If we add journal disk to an array which isn't created with journal, IO
might be running in the array. We must be careful about the log checks
to make sure log is fully initialized, which is the job of
rcu_dereference().

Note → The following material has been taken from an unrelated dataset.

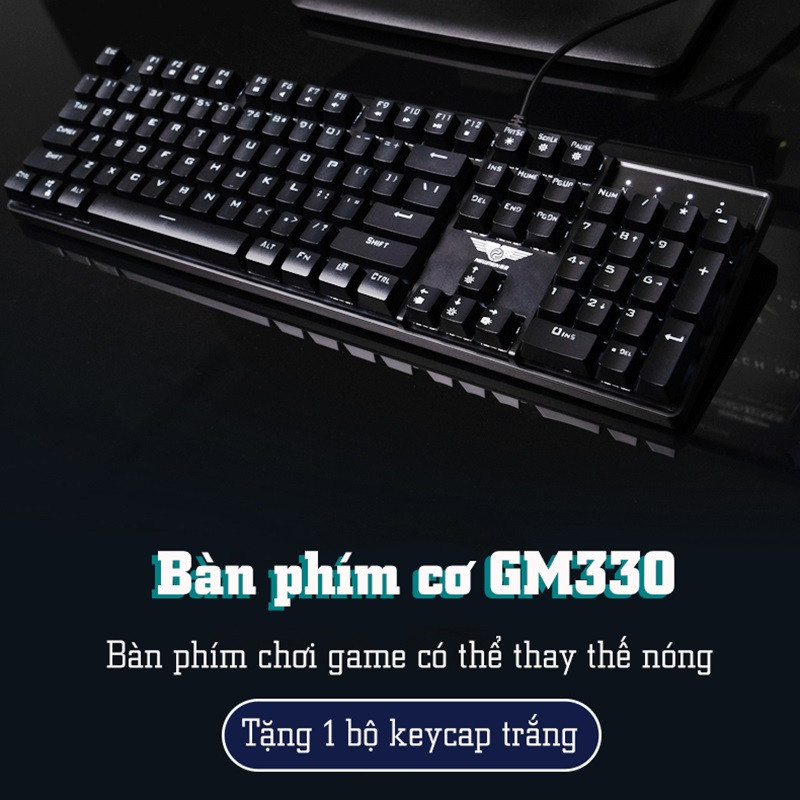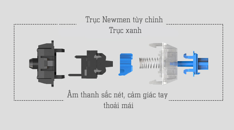 - Tặng kèm bộ keycap màu xám trắng

Don't need rcu read lock protection here, as
hotremove only happens when there is no write requests.

Signed-off-by: Shaohua Li <shli@fb.com>
---
 drivers/md/raid5-cache.c | 19 +++++++++++++------
 drivers/md/raid5.c       | 20 ++++++++++----------
 drivers/md/raid5.h       | 10 +++++-----
 3 files changed, 28 insertions(+), 21 deletions(-)

diff --git a/drivers/md/raid5-cache.c b/drivers/md/raid5-cache.c
index d242a36..31e0fad 100644
--- a/drivers/md/raid5-cache.c
+++ b/drivers/md/raid5-cache.c
@@ -438,7 +438,7 @@ static void r5l_wake_reclaim(struct r5l_log *log, sector_t space);
  * running in raid5d, where reclaim could wait for raid5d too (when it flushes
  * data from log to raid disks), so we shouldn't wait for reclaim here
  */
-int r5l_write_stripe(struct r5l_log *log, struct stripe_head *sh)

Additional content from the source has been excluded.